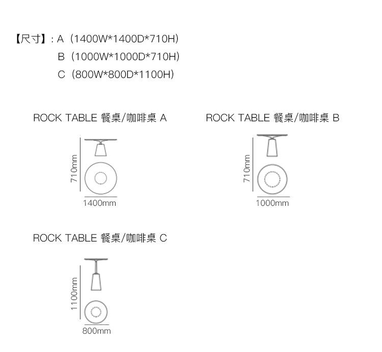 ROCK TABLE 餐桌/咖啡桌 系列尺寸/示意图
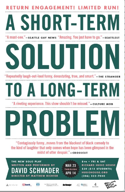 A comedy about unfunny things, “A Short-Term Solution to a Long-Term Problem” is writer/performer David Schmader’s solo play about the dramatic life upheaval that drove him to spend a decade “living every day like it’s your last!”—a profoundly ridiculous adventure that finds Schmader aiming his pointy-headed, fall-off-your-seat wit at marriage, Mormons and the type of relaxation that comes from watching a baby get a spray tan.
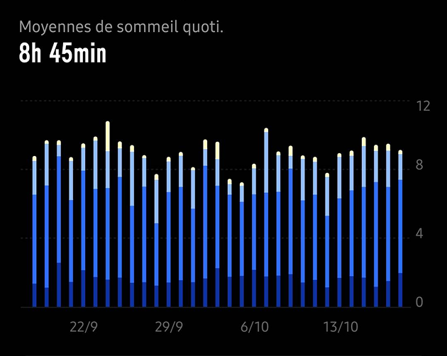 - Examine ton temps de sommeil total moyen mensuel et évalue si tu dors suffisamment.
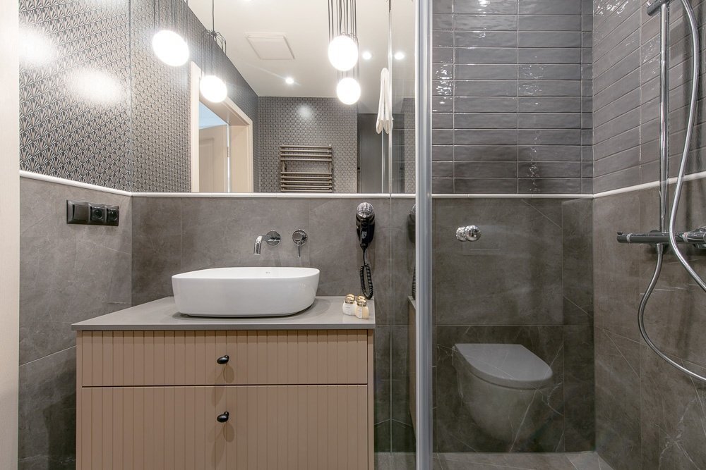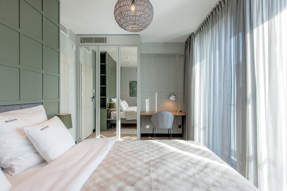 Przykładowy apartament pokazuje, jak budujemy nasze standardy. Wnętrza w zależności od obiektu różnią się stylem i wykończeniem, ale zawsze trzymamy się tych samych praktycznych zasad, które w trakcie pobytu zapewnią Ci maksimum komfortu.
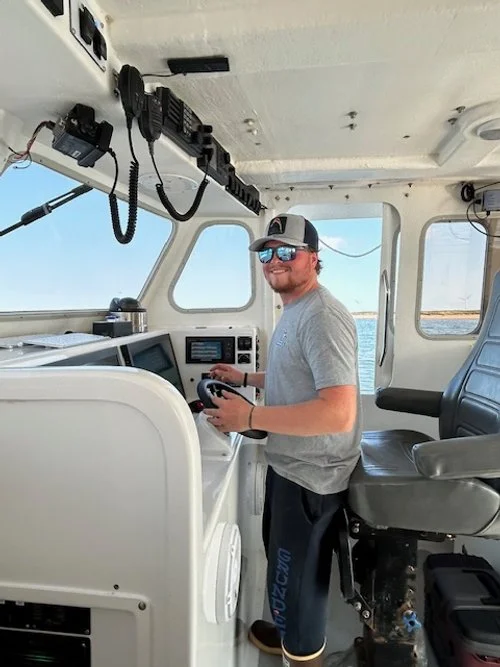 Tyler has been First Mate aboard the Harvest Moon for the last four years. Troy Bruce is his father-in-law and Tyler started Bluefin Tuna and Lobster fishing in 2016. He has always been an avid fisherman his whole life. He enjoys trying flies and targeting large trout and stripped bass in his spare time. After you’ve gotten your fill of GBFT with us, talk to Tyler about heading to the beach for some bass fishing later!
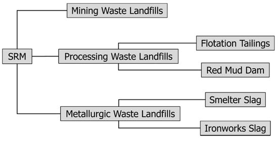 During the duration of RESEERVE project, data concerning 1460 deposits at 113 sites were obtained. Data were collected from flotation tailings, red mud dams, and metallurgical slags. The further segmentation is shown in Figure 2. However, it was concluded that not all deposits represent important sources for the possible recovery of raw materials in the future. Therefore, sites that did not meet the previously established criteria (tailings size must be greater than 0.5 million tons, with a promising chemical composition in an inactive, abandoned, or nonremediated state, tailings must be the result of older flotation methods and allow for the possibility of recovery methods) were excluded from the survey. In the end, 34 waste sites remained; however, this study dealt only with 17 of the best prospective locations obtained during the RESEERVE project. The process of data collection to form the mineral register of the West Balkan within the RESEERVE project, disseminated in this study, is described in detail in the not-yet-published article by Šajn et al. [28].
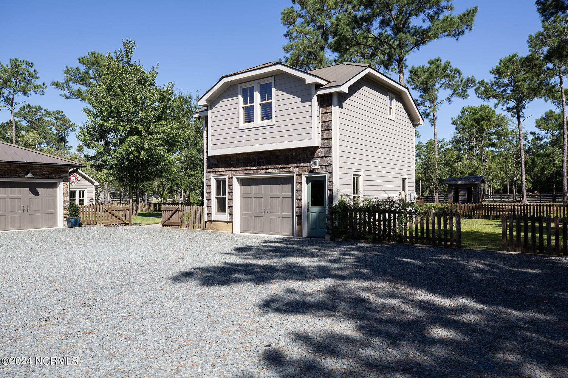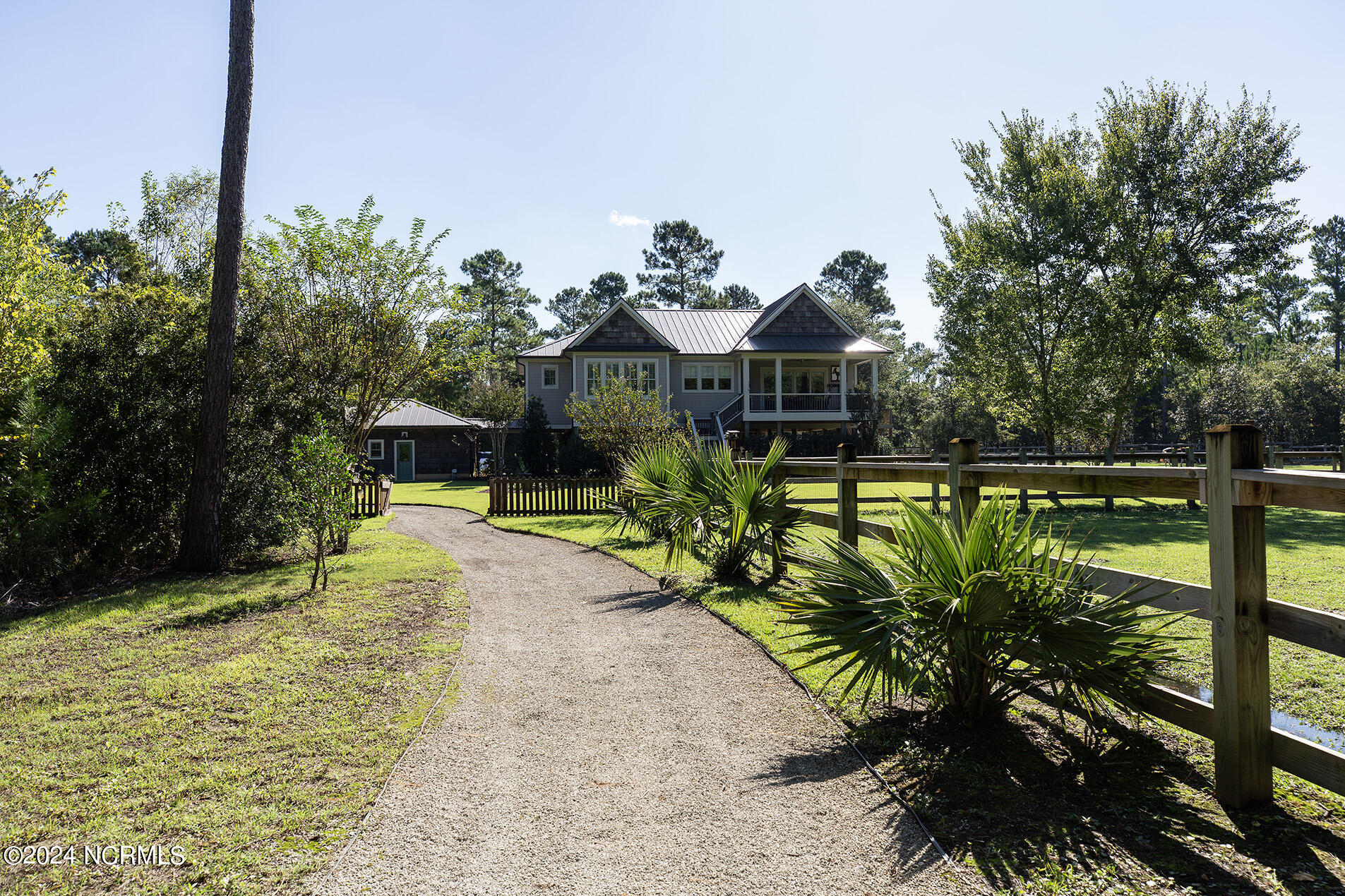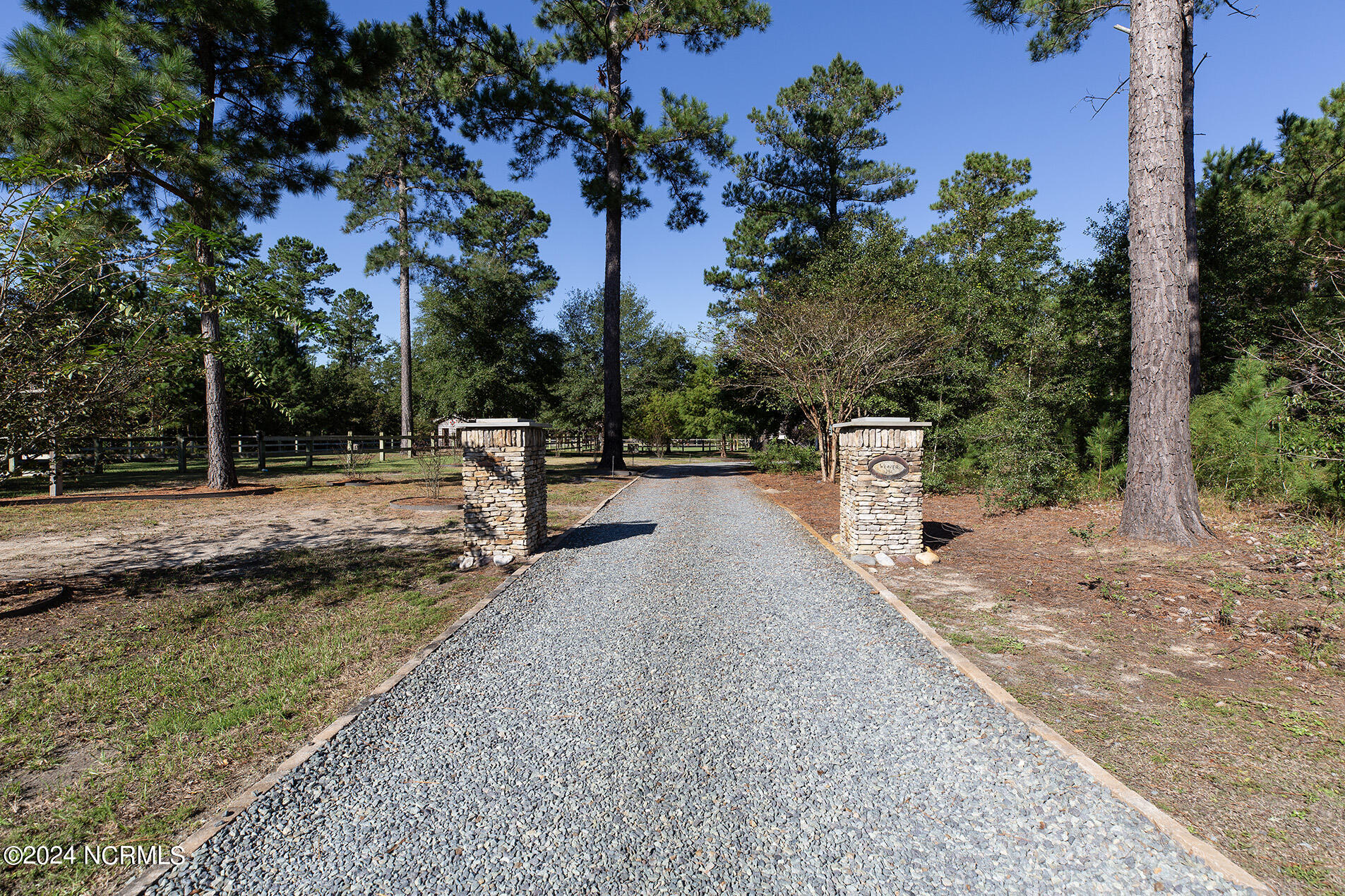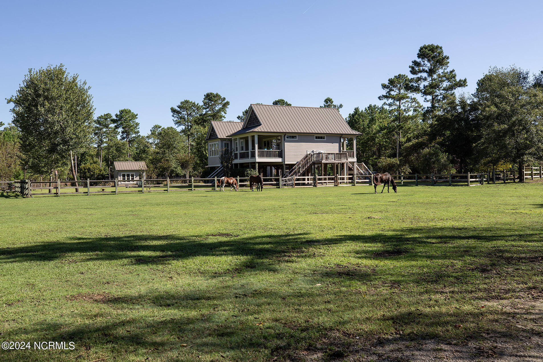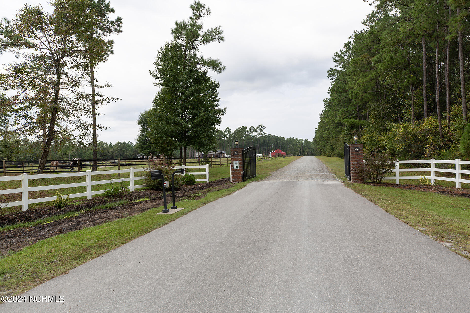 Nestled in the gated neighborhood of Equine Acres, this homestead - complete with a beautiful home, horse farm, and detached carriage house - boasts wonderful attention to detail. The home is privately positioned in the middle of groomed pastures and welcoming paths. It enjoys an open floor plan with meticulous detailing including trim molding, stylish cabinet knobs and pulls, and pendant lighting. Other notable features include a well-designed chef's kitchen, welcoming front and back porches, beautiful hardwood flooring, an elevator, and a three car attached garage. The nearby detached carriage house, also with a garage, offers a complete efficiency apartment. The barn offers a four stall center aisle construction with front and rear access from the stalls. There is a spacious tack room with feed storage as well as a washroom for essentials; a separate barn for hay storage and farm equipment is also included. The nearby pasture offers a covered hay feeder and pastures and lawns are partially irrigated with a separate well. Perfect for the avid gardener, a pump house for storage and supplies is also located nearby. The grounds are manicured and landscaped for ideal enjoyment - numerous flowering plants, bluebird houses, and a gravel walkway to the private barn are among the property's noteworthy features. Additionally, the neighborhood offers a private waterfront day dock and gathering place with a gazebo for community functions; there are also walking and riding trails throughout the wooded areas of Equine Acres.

______________________________

EXERCISE OBJECTIVE ::
After dropping the pictures, please set down the lines from the beginning of the listing through the line containing "- Examine ton", both included, exactly as they stand.

ANSWER TO THE PROBLEM ::
 ROCK TABLE 餐桌/咖啡桌 系列尺寸/示意图
 A comedy about unfunny things, “A Short-Term Solution to a Long-Term Problem” is writer/performer David Schmader’s solo play about the dramatic life upheaval that drove him to spend a decade “living every day like it’s your last!”—a profoundly ridiculous adventure that finds Schmader aiming his pointy-headed, fall-off-your-seat wit at marriage, Mormons and the type of relaxation that comes from watching a baby get a spray tan.
 - Examine ton temps de sommeil total moyen mensuel et évalue si tu dors suffisamment.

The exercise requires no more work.